The Victoria City Rowing Club is a non-profit rowing club located at Elk Lake in Victoria, British Columbia, Canada.

VCRC offers a variety of recreational and seasonal rowing programs and services including programs for beginners, corporate retreats, customized training camps, and private coaching. There are three classes of membership: Junior (individuals under 19 yrs), Senior (individuals over 18 yrs), and Masters (27+).
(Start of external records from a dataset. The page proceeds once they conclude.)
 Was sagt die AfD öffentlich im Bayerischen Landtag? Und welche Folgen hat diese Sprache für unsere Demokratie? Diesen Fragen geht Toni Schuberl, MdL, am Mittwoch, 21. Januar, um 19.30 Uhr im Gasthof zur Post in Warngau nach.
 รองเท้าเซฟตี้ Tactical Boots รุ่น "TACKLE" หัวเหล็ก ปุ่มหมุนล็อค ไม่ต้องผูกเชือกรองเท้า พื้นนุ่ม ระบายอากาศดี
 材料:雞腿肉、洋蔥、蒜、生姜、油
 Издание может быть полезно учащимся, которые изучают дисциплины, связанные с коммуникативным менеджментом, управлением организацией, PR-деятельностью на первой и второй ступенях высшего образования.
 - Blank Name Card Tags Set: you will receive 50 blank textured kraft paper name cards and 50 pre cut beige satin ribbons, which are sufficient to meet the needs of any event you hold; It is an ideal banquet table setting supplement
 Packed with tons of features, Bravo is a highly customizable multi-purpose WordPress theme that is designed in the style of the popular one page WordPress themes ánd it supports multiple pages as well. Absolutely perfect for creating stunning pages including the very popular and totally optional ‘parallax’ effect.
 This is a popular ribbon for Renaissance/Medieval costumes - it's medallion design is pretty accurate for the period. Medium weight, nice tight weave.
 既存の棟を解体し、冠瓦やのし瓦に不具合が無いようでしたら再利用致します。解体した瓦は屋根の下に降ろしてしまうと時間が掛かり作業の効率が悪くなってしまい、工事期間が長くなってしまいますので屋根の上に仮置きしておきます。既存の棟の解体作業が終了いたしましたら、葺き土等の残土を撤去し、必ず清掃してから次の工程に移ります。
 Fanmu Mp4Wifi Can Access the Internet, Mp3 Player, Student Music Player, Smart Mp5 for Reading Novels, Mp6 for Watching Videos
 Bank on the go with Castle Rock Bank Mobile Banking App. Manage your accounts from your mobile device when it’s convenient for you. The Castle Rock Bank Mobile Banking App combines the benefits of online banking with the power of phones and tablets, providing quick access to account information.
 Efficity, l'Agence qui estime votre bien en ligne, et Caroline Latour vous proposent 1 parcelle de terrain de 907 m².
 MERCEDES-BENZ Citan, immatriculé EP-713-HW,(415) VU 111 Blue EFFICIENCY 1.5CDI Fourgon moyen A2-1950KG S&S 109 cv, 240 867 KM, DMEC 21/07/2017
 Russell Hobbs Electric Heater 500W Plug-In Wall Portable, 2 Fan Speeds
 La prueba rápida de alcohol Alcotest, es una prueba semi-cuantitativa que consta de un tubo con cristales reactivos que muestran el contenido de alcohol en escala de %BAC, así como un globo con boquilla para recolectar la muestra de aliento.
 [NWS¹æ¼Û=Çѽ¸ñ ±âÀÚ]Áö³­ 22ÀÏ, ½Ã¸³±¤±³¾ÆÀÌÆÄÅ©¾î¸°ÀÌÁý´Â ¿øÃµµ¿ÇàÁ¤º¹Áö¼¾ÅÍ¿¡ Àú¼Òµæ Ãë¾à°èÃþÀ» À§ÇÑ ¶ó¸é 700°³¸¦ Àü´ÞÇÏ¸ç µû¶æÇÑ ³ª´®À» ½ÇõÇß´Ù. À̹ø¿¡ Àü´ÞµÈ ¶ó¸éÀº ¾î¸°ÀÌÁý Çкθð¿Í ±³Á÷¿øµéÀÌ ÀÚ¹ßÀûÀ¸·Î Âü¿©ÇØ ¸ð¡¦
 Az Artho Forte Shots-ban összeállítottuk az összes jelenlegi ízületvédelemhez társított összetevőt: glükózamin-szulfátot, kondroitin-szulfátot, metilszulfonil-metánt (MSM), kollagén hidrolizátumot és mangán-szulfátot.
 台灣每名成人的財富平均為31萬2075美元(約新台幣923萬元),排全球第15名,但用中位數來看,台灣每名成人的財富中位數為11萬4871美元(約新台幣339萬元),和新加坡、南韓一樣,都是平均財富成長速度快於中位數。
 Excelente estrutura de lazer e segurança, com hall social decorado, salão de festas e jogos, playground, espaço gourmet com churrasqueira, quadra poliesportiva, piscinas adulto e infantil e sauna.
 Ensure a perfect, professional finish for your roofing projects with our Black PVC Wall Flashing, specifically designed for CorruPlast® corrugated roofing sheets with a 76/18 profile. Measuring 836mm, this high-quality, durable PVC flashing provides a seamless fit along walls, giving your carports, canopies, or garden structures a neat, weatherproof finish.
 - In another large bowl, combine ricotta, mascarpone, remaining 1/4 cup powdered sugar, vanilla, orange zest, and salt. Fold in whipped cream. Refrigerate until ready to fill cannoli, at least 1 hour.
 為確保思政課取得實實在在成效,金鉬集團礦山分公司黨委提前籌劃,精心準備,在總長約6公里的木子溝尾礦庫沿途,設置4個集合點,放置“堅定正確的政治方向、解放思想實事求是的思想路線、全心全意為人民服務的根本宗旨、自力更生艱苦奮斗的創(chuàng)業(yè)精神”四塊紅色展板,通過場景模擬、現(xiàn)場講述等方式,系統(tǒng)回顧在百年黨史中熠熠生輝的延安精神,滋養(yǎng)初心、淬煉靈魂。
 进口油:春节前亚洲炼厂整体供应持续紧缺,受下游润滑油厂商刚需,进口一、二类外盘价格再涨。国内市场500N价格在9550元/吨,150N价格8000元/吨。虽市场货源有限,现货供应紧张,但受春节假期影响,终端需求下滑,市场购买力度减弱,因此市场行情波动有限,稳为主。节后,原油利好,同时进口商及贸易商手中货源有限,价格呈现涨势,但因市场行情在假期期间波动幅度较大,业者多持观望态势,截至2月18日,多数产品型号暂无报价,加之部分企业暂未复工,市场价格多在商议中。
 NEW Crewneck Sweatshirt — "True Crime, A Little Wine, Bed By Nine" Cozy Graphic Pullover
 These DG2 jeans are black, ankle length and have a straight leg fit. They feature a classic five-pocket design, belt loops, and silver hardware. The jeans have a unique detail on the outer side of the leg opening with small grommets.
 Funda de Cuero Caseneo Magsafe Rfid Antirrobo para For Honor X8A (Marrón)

The other seasonal programs include: Youth Learn to Row, Youth Rec Rowing, Youth Summer Camps, Adult Learn to Row, Adult Rec Rowing, Novice Masters, and Community Corporate Rowing Challenge.

The colours of the VCRC uniform are green, white, and black. The uniform features a green top with a white 'V' on the back and the club logo on the front, with black bottoms. The oars have a white blade and a green chevron or 'V' on both sides. The white 'V' on the uniforms and the green 'V' or chevron on the oars are symbolic of the 'V' in Victoria.

The Victoria City Rowing Club is one of four member user groups that comprise the Victoria Rowing Society (VRS) that use the Elk Lake facility. Other members of VRS are: The Greater Victoria Youth Rowing Society (GVYRS) that comprises eight middle and secondary schools; Rowing Canada Aviron (RCA); and the University of Victoria.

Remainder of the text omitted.